Славка слушал, и глаза его блестели, и я не понимал, что же происходит вокруг, и несколько растерялся, когда ко мне обратился Андрей:
— И тебя могу устроить. Если рисовать умеешь — пойдешь в ученики гравера. Прибыльно и спокойно. Живу как бог. У меня все — машина, дача, бабы. — Он наклонился ко мне и в самое ухо прошептал: — Я теперь только интеллигенцию жарю. Они любят грубых. У меня каждый день новая баба, гы-гы-гы… Хочешь, сейчас поедем…
Шаров, видать, что-то услышал, шикнул на гробовщика.
Андрей встал.
— А я говорю — брось! — зарычал он. — Я здесь плачу!
Я здесь!!!
Мы робко двинулись к выходу.
— И мотайте отсюда! Мотайте! — орал гробовщик. Не попрощавшись, мы покинули столовку. О чем-то просил Коля Почечкин, Витя Никольников определенно сказал:
— Пусть Славка ко мне поедет. У нас места много.
Шаров одобрительно закивал головой.
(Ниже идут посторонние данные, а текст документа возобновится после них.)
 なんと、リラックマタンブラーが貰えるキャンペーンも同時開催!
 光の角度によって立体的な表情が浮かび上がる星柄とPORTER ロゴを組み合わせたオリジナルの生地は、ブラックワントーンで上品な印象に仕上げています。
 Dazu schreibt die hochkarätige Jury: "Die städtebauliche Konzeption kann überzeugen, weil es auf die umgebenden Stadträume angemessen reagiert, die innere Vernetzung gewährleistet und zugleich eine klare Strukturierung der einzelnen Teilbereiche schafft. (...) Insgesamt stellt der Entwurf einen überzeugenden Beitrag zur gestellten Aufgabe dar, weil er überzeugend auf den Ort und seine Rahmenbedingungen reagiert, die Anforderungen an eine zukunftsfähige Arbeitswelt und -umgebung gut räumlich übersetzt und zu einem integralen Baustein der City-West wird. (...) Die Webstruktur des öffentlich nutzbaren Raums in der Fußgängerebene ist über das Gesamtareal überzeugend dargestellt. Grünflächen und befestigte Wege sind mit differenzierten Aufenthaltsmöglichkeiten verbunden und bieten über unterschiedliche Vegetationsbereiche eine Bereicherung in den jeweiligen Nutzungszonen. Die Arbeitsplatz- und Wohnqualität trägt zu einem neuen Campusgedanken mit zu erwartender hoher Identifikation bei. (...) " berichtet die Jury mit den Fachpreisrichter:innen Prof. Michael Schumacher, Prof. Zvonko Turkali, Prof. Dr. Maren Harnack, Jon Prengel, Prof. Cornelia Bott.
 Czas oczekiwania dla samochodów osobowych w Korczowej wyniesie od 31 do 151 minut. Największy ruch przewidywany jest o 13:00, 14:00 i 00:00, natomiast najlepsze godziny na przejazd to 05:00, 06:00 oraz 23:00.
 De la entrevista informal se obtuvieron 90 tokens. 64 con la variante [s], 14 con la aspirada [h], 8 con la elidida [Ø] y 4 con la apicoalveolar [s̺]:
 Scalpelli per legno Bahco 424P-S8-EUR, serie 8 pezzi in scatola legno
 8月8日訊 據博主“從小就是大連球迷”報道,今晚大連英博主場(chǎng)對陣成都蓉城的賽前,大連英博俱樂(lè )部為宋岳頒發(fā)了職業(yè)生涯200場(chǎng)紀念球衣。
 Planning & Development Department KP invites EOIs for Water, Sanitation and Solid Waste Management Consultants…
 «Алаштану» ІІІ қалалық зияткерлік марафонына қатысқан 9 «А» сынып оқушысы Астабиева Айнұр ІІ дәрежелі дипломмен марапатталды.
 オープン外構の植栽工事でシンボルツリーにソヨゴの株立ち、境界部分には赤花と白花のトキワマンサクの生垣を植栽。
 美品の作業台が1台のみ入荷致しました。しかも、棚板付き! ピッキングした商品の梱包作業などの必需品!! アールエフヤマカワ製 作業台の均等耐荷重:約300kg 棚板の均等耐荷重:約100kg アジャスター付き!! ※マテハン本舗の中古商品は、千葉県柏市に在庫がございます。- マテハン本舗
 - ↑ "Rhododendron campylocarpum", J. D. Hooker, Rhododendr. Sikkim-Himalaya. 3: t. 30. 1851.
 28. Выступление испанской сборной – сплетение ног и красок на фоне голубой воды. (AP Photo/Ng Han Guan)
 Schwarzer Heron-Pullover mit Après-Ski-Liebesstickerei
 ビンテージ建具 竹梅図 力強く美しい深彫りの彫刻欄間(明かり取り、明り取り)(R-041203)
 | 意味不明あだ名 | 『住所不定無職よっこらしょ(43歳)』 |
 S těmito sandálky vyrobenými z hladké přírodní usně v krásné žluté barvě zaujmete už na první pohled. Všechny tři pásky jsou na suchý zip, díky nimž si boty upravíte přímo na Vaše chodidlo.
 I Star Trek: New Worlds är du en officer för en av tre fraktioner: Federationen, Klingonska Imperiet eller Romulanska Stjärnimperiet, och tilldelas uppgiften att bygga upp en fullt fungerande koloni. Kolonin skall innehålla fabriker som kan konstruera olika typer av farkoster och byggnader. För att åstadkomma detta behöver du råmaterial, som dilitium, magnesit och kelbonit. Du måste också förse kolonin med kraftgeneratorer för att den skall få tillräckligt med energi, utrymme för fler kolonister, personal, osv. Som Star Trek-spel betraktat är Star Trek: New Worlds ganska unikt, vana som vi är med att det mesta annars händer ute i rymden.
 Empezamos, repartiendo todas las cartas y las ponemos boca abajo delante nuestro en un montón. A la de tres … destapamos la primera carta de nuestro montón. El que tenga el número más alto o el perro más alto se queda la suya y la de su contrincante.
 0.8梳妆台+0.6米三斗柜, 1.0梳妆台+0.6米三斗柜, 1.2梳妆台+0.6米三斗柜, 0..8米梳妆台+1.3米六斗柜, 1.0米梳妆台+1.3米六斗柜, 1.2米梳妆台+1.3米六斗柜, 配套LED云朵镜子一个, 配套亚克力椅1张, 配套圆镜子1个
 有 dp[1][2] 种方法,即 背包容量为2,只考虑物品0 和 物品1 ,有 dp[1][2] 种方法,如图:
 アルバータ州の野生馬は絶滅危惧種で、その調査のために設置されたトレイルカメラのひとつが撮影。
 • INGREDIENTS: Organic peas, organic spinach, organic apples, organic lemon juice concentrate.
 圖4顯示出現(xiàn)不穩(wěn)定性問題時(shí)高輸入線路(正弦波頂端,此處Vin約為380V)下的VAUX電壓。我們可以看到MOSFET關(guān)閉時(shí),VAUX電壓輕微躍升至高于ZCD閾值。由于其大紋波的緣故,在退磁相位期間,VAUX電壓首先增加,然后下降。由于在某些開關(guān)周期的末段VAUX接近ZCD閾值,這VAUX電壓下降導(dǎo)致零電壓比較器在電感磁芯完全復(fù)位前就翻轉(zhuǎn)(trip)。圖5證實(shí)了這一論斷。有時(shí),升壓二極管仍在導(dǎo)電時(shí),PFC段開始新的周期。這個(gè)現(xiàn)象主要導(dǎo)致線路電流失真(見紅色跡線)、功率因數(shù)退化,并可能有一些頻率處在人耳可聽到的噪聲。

А у меня возникла мысль напомнить о деде Арсении, но почему-то язык не повернулся сказать: «Как же мы старика-то оставили одного?» И шофер поехал совсем другой дорогой, и Шаров спросил, почему шофер другой дорогой поехал, но потом сказал, что правильно, что поехал другой дорогой, и всем нам ясно было, что и Шаров, и все остальные хотели как можно быстрее покинуть эти холодные, гнетущие душу места, чтобы вырваться из этой могильной зоны.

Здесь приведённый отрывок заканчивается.